[SUPPLIED INFORMATION — start]
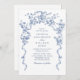 Victorian Ornate Floral Dusty Blue Wedding QR code Invitation
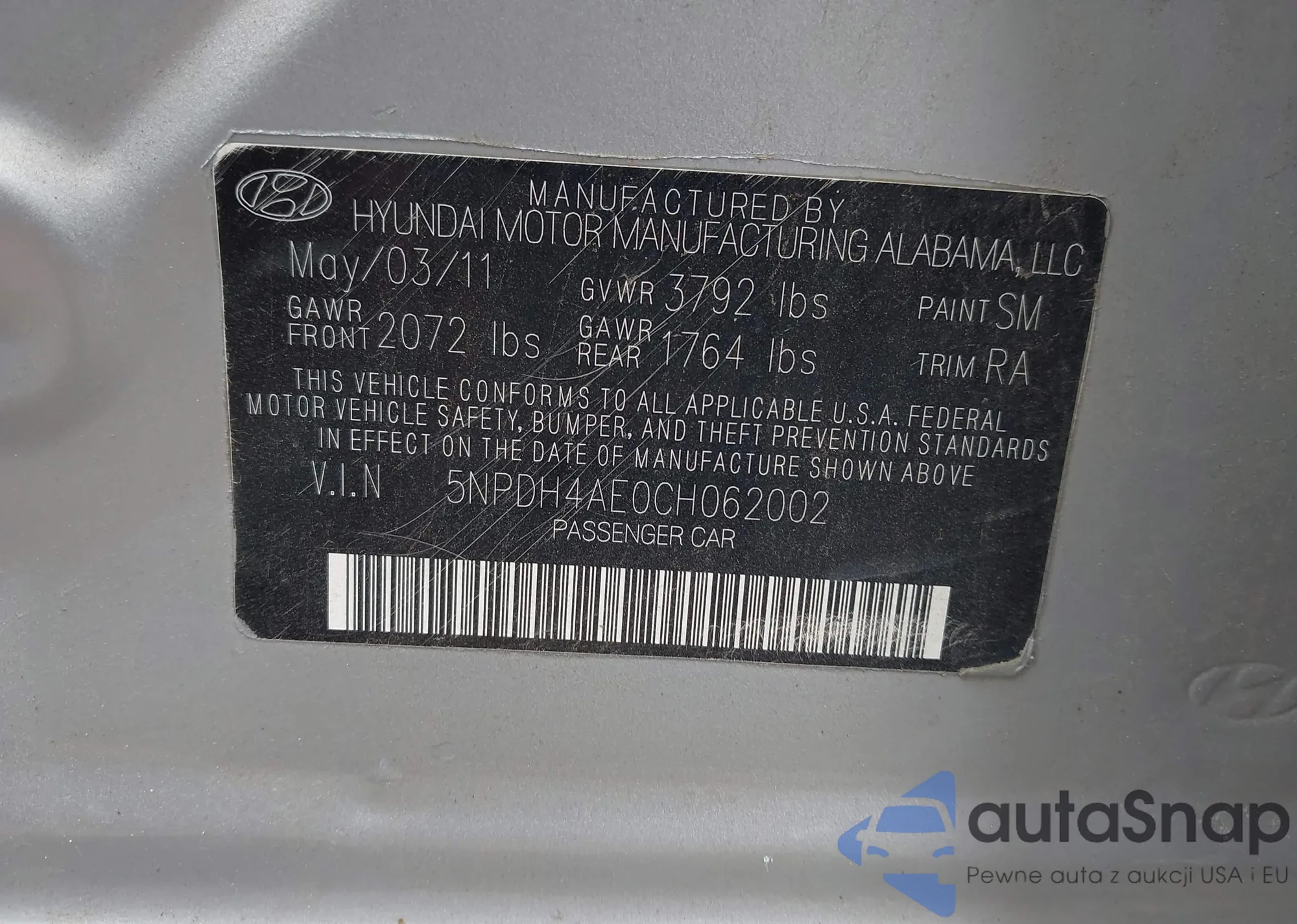 • VIN: 5NPDH4AE0CH062002
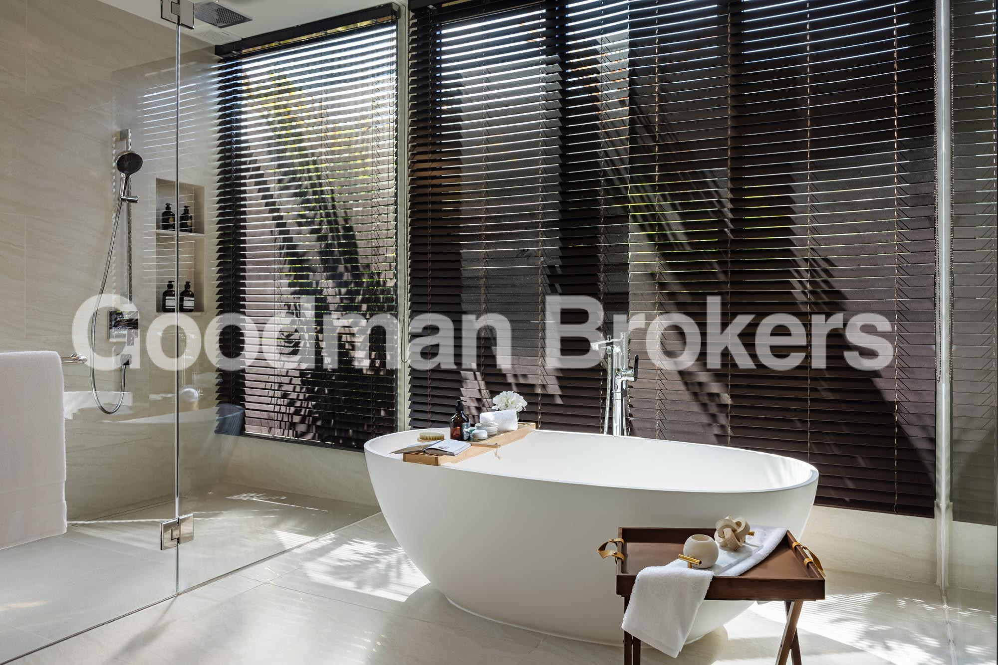 The development offers a saltwater swimming pool with integrated jacuzzi, extended sun lounge areas and a designated outdoor BBQ space. All pools are equipped with safe entry stairs. Interiors feature a ceiling height of 4.5 meters in the living and dining areas, complemented by teak wood finishes. Every villa includes two master bedrooms and all bedrooms are en suite with walk in closets, ensuring an elevated residential experience.
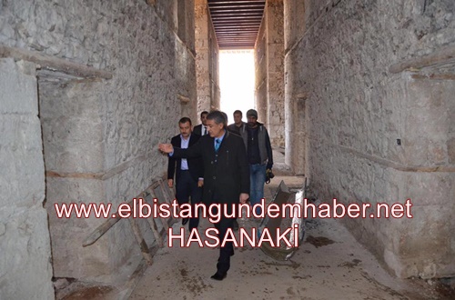 100 yıllık ve yaşı Cumhuriyetin kurulma dönemine rastlayan tarihi binada alışmaları yerinde inceleyen Elbistan Kaymakamı Tuncay Akkoyun, projenin yüklenici firma yetkililerinden ve proje sorumlularından bilgiler aldı.
[SUPPLIED INFORMATION — finish]
DESCRIPTION OF THE TASK: Transcribe, word for word, only the material from its opening line through the line containing "The development offers", both ends included, and omit the pictures.

COMPLETED EXERCISE:
 Victorian Ornate Floral Dusty Blue Wedding QR code Invitation
 • VIN: 5NPDH4AE0CH062002
 The development offers a saltwater swimming pool with integrated jacuzzi, extended sun lounge areas and a designated outdoor BBQ space. All pools are equipped with safe entry stairs. Interiors feature a ceiling height of 4.5 meters in the living and dining areas, complemented by teak wood finishes. Every villa includes two master bedrooms and all bedrooms are en suite with walk in closets, ensuring an elevated residential experience.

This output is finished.